Des mesures plus détaillées que chez la majorité de ses concurrents :

– augmentation du budget de la Recherche et des labos via une augmentation du budget de l’ANR : « augmenter de manière continue et significative le budget de l’ANR sur cinq ans, soit 100 millions d’euros par an, et de garantir 70 % de ce budget à la recherche fondamentale, en réaffirmant l’importance de cette dernière pour la société. Il faudra continuer la simplification des appels à projet. »

– « Le crédit d’impôt recherche (CIR) devra aussi être conditionné à l’embauche de jeunes docteurs. »

– L’innovation et son financement intègrerait le portefeuille du ministère de l’enseignement supérieur et de la recherche : « 10 milliards d’euros sont consacrés annuellement à l’innovation, mais la fragmentation des dispositifs, la multiplicité des objectifs et leur instabilité entraînent redondance, perte de visibilité et gaspillage de moyens. Le Commissariat général à l’investissement d’avenir (CGI), qui a géré les Programmes d’investissement d’avenir (PIA) depuis 2011, est devenu un véritable ministère bis, créant de nouvelles structures qui ne s’harmonisent pas toujours avec les objectifs du ministère de l’enseignement supérieur et la recherche. C’est pourquoi je propose la réduction du nombre de dispositifs et la création d’un ministère de l’enseignement supérieur et de la recherche de plein exercice ayant également en charge l’Innovation et la tutelle jointe du CGI. L’ensemble de ces mesures concernant l’enseignement supérieur et la recherche donnera lieu à une loi de programmation budgétaire qui sera votée dès la première année et dont le montant résultera de ces engagements. Il s’élèvera au moins à un milliard d’euros supplémentaires par an et permettra de répondre aux défis de l’avenir.»

 

6. Sylvia PINEL

Pas de référence explicite (ou même implicite d’ailleurs) à l’innovation.

 

7. Manuel VALLS

L’innovation est envisagée comme une composante économique et non plus seulement comme un moyen permettant d’atteindre des objectifs. Elle est perçue comme un contributeur positif au développement de l’économie, créatrice de valeur et source de compétitivité. « C’est grâce à des politiques industrielles de filière, visant à favoriser l’innovation et la recherche dans des productions d’avenir, que notre économie se développera ».

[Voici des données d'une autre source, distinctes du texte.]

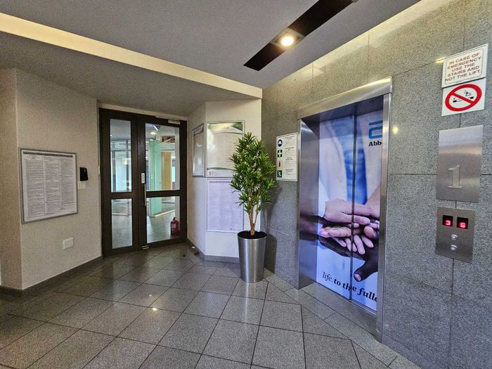 Elevate your business in Constantia Kloof's vibrant commercial hub, minutes from the N1, enjoying panoramic mountain-to-Sandton views from a private balcony; 1,592 sqm office, four bathrooms, 30 covered bays.
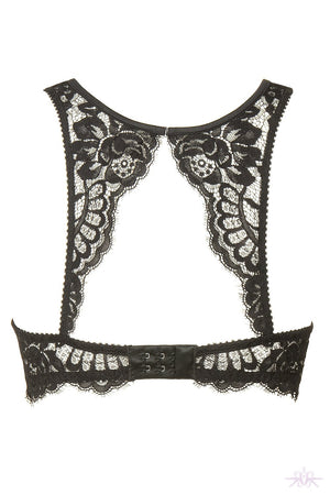 An alluring bra in lace and tulle from the Marlene collection at Prelude Milano. This satin edge underwired bra is truly stunning with the sheer section covering yet enhancing the bust. The triangular section of lace that surrounds the breasts adds a gorgeous feminine accent and the black Swarovski crystals in the centre add sparkle. The back of the bra has two vertical lace straps which are connected at the top. The bra is fastened by way of a hook and eye.
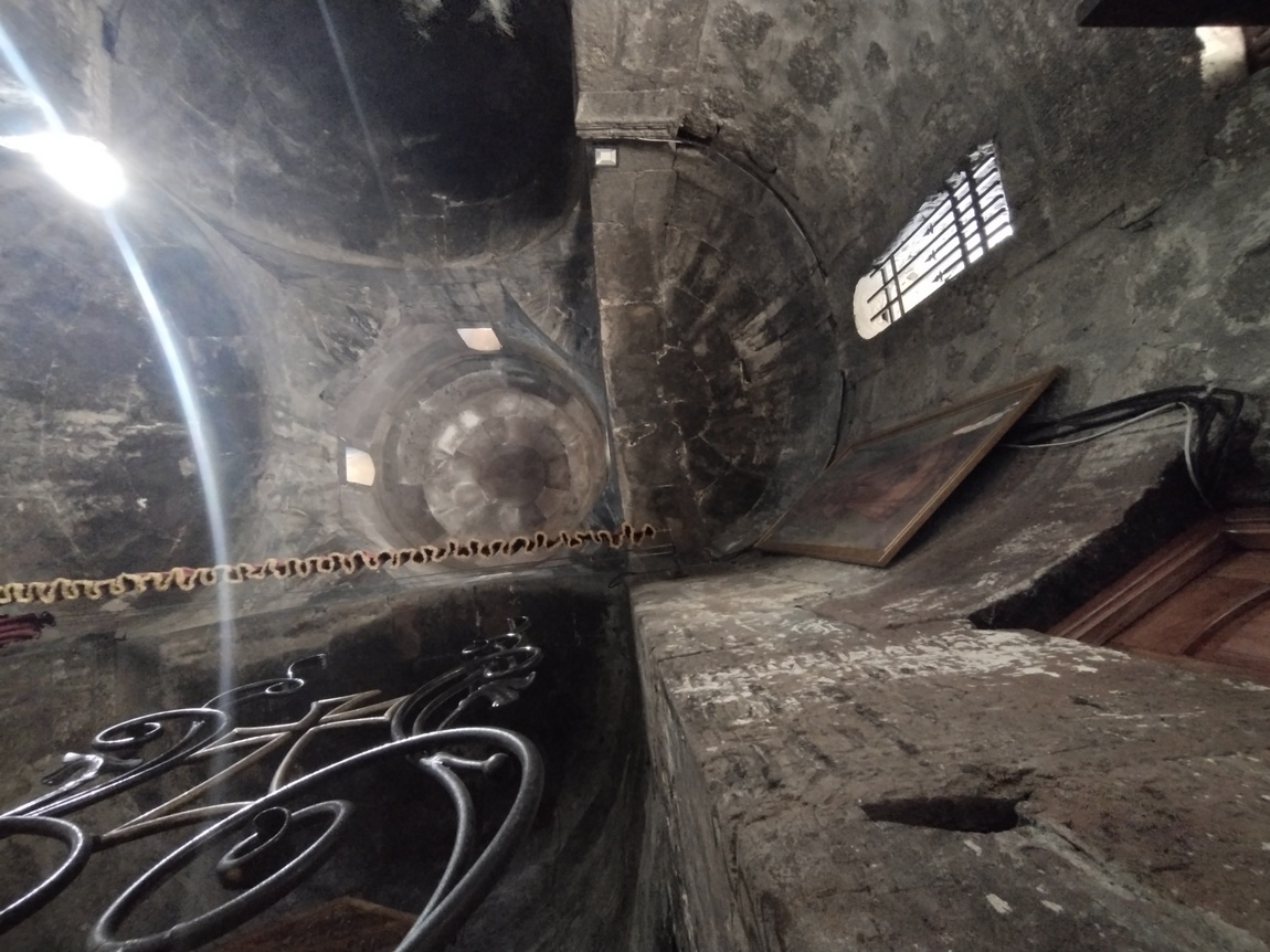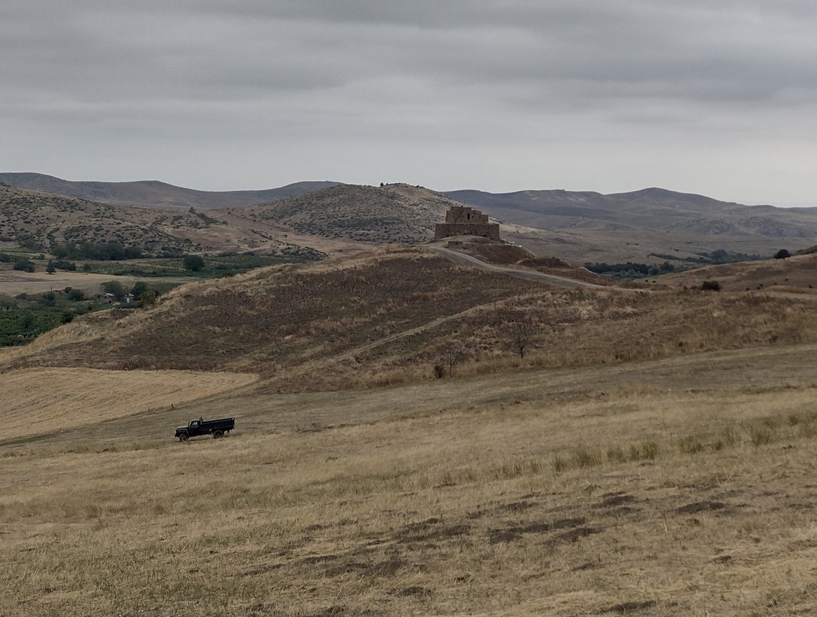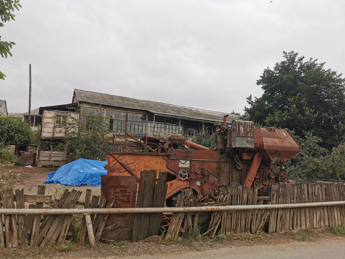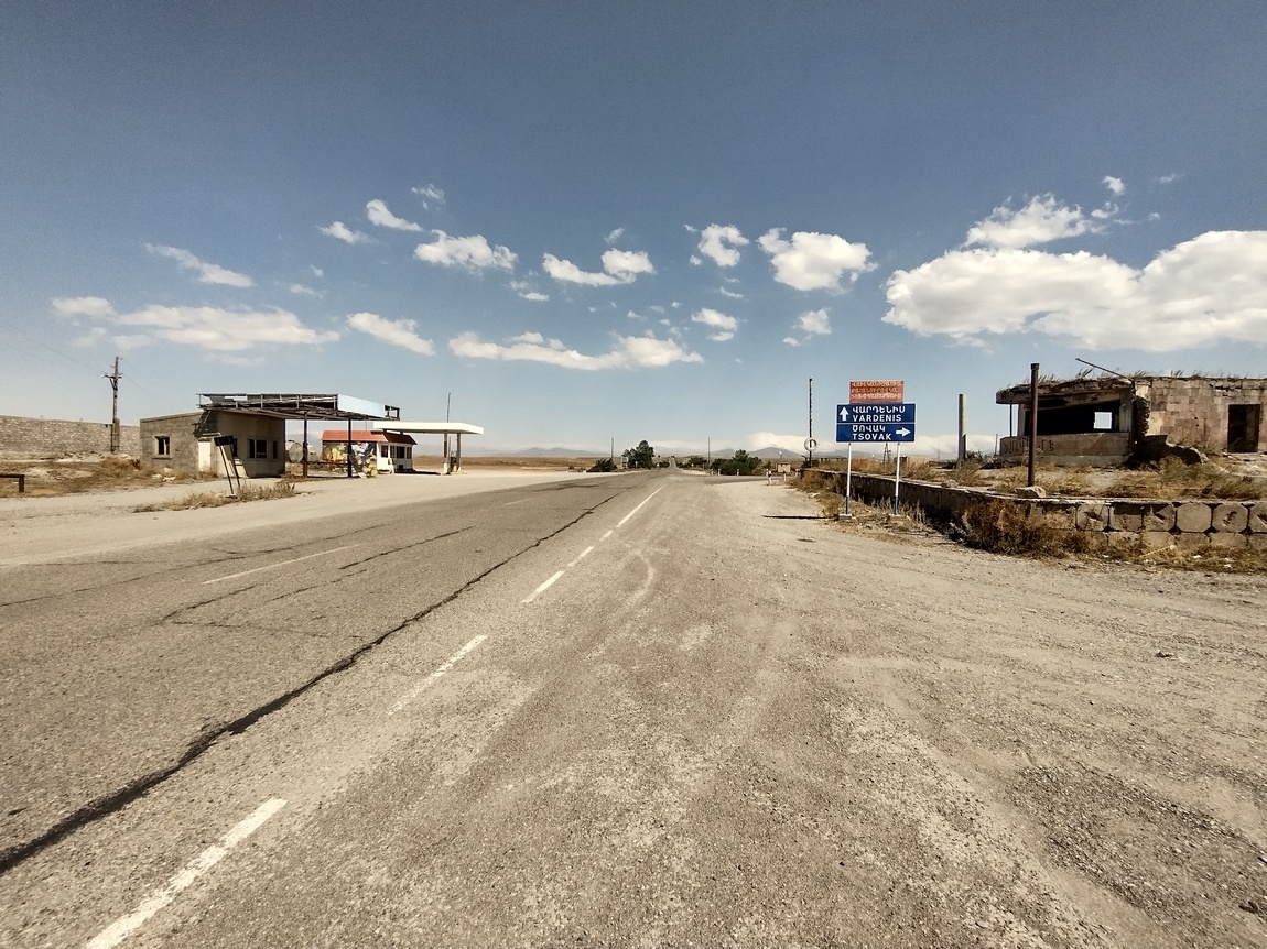 Sowie unsere Körper mit dem Abbau des Alkohols ernst machten setze der übliche Hunger ein. Also mussten wir bald noch eine Essenspause einlegen und wählten dafür eine altehrwürdige Kirche aus, neben der einige verlassene Wohnhäuser standen. Erst nachdem wir uns niedergelassen hatten, merkten wir, dass wir wieder direkt auf der Grenze saßen. Kaum hatten wir unser Brot verspeist, kamen auch schon wieder zwei Soldaten auf uns zu und baten uns entschuldigend woanders zu pausieren. Die Straße führte nun genau an der Grenze entlang und manch eine Kurve der Serpentinen liegt in aserbaidschanischem Gebiet, wird von Armenien aber ganz normal genutzt und auch nur an einigen Posten überwacht. Es gibt keine feste Grenzanlage. So überschritten wir sogar mehrfach die Grenze, was uns nur durch einen Blick auf die Karte deutlich wurde.
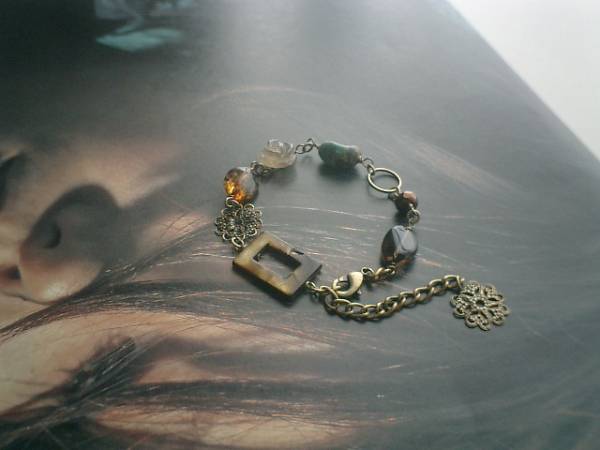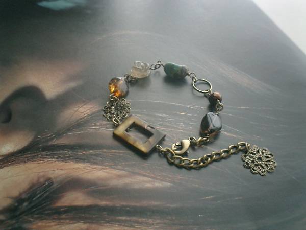 カワイイと可愛いの間に・・シリーズです♪シックなターコイズ・・繊細な素材を合わせて可憐な表情のブレスレットです♪ターコイズは13ミリ位のラフカットです♪ブラウンやベージュの入ったやさしい色のターコイズにツイストオーバルや薔薇のスモーキークォーツや琥珀色のデザイン樹脂やシェルスクエアやチェコビーズや透かしチャームを合わせて大人のロマンチックしています♪長さは全長24センチ位で調節自由です♪♪お揃いのネックレスも出品しています♪♪シンプルで飽きのこないいつまでも着けられるデザインを考えて作りました!ハンドメイドをご理解頂いてノークレーム、ノーリターンでお願いします

Un thème dédié dans le programme : « Innover, entreprendre, créer des emplois, préparer l’économie de demain » avec un chapitre « L’Etat au service de l’innovation ».  

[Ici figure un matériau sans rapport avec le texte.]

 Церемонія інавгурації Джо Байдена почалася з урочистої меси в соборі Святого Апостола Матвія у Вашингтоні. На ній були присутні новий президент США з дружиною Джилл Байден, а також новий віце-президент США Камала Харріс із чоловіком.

« Nous devons désormais assurer à nos entreprises la stabilité, notamment fiscale, dont elles ont besoin et prendre davantage le tournant de la qualité, de l’attractivité, de l’excellence. L’Etat doit être au service de l’innovation, accompagner les grandes transitions (écologique, numérique) en misant sur la recherche. »

Une liste de mesures pour favoriser le développement de l’innovation :  

– Soutien à la recherche privée et simplification des dispositifs CIR et CII existants : « le crédit d’impôt recherche a déjà été amélioré. Nous avons également créé le crédit d’impôt innovation pour les PME. Je souhaite que le recours à ces dispositifs soit simplifié et que les entreprises puissent faire appel à des certificateurs agréés pour l’éligibilité des projets. »

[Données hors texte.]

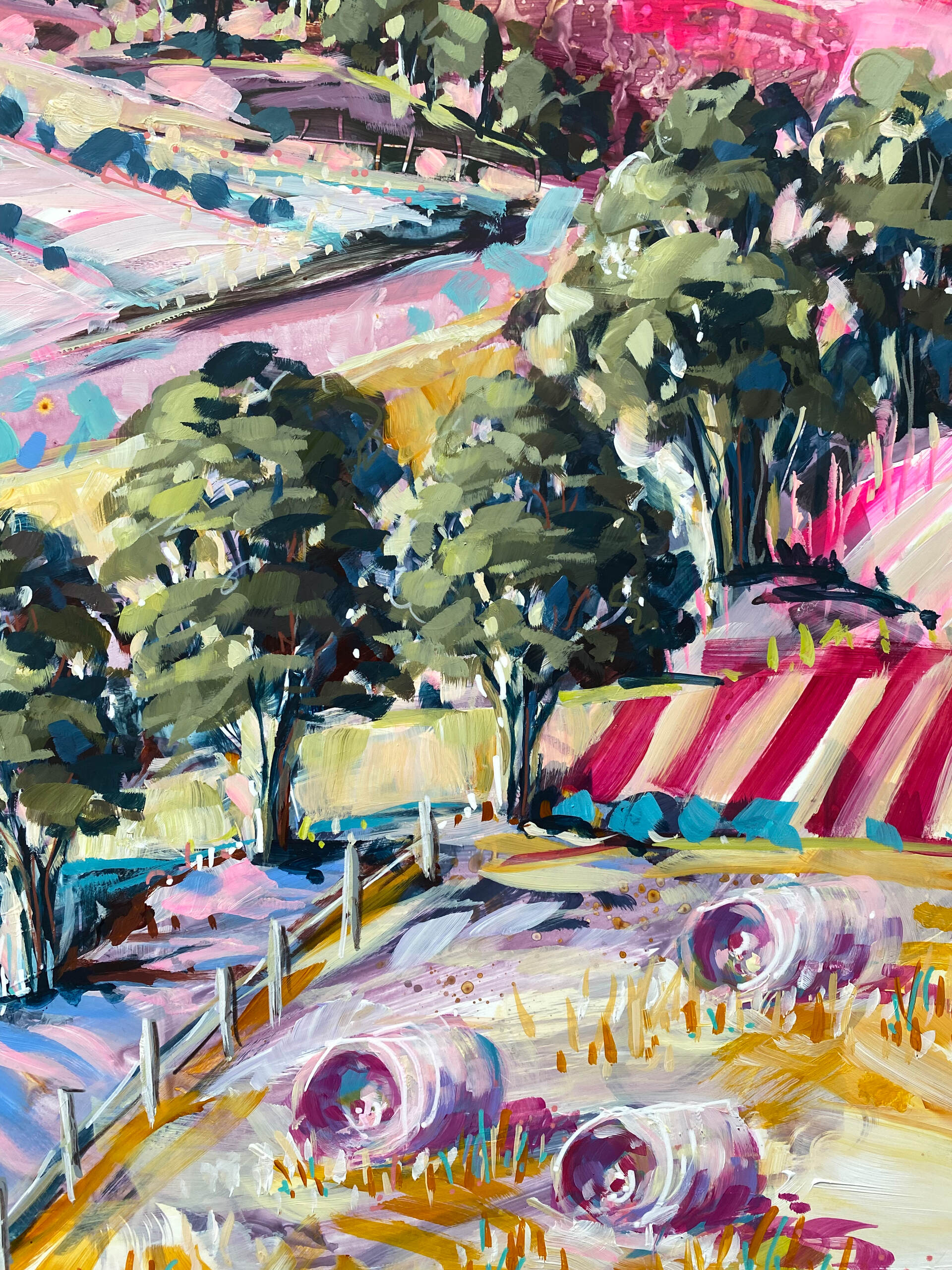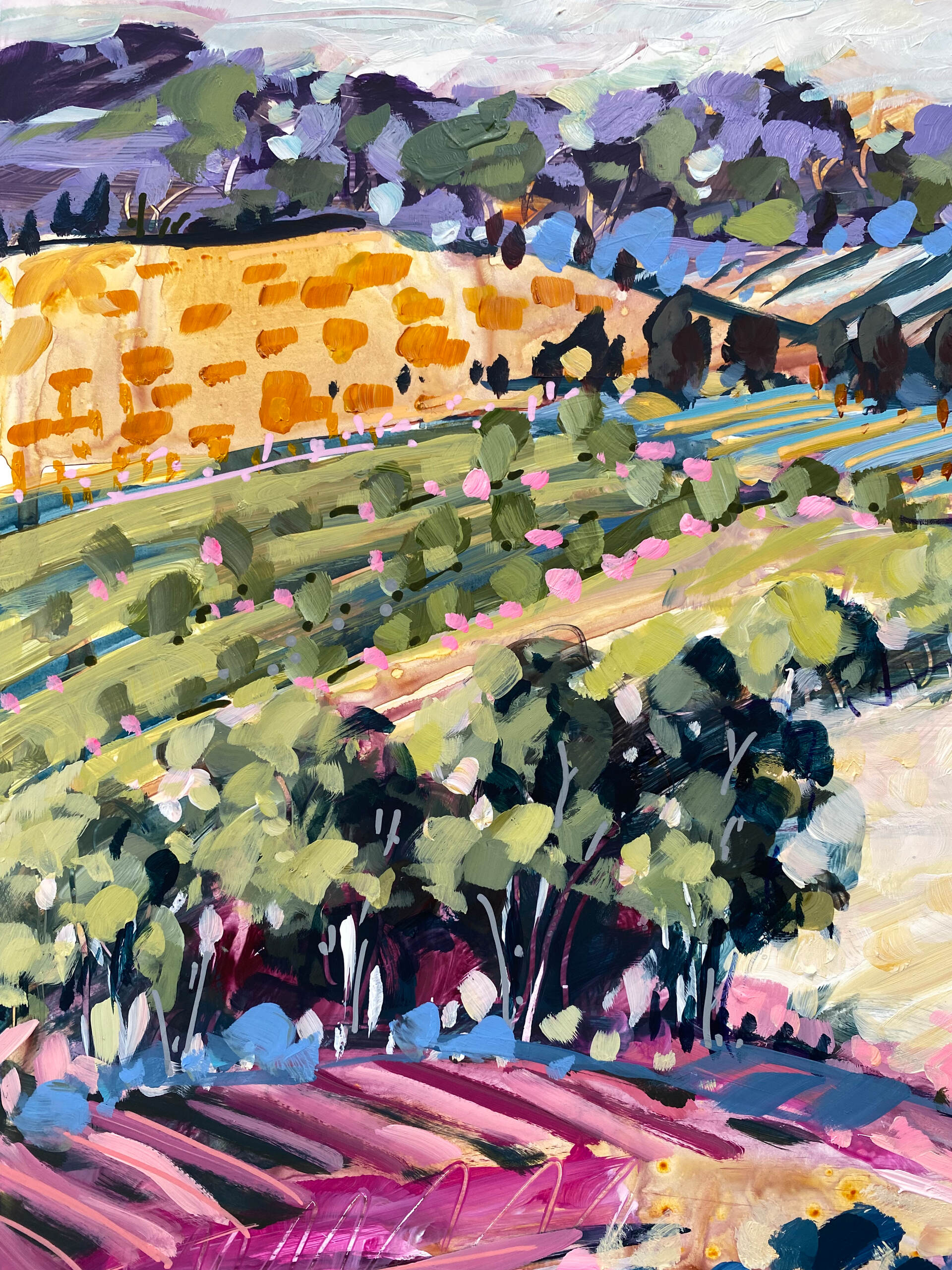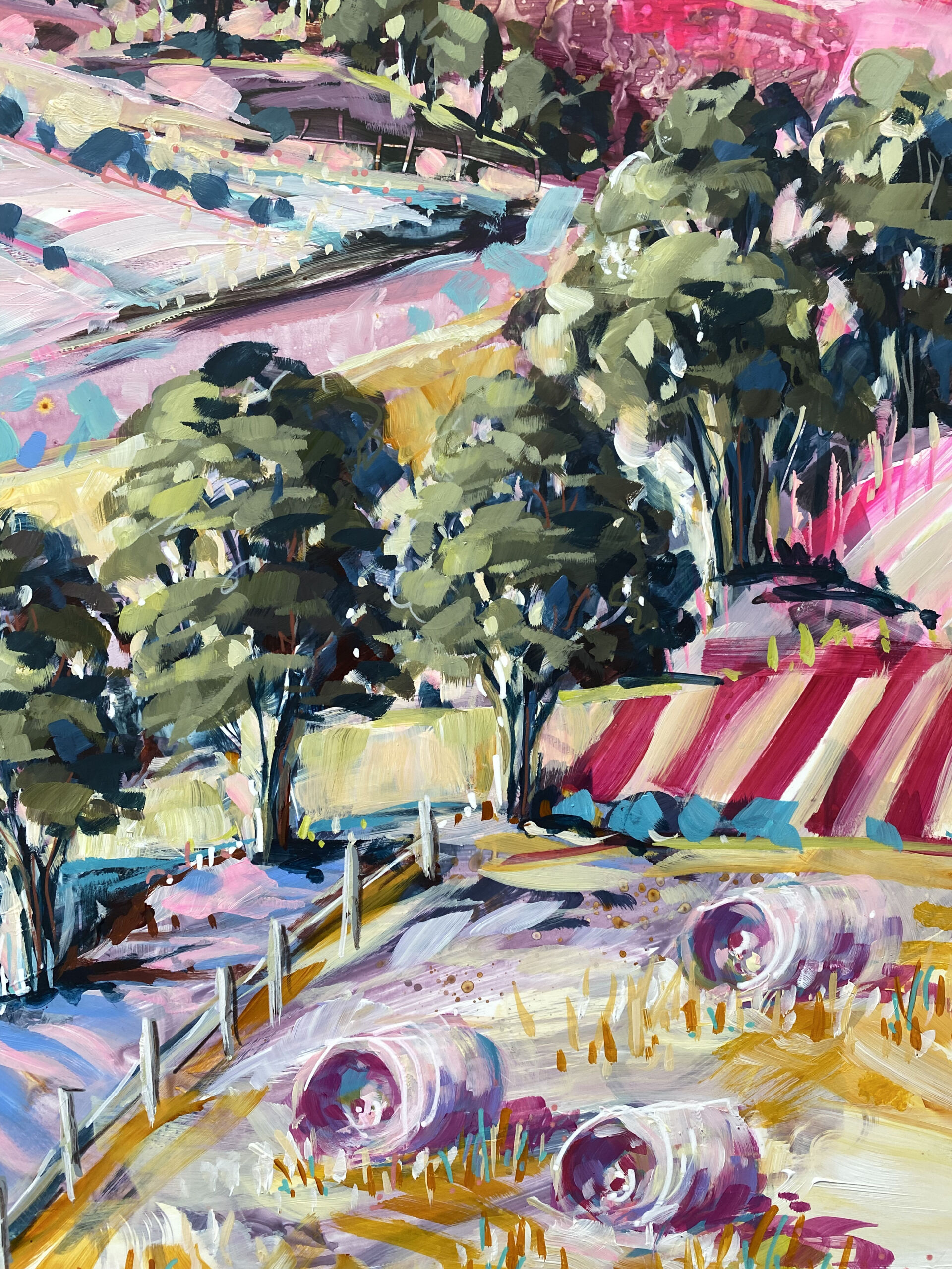 Inspired by the bountiful aspects of rural life and scenic hills and wineries on the Mornington Peninsula, this series of works invite the viewer to appreciate the vibrant palette of nature’s abundance and celebrates the ever changing beauty of Red Hill’s vistas and inspiring views.

– Encourager le développement des relations entre la recherche publique et la recherche privée, notamment par le renforcement des outils de transfert de technologie

– Réserver une part de la commande publique aux entreprises innovantes et faire émerger au niveau européen un « European Buy Act ».

 

Etude réalisée le 9 janvier 2017, par l’Association des Conseils en Innovation dans le cadre du « Collectif Innovation 2017 ».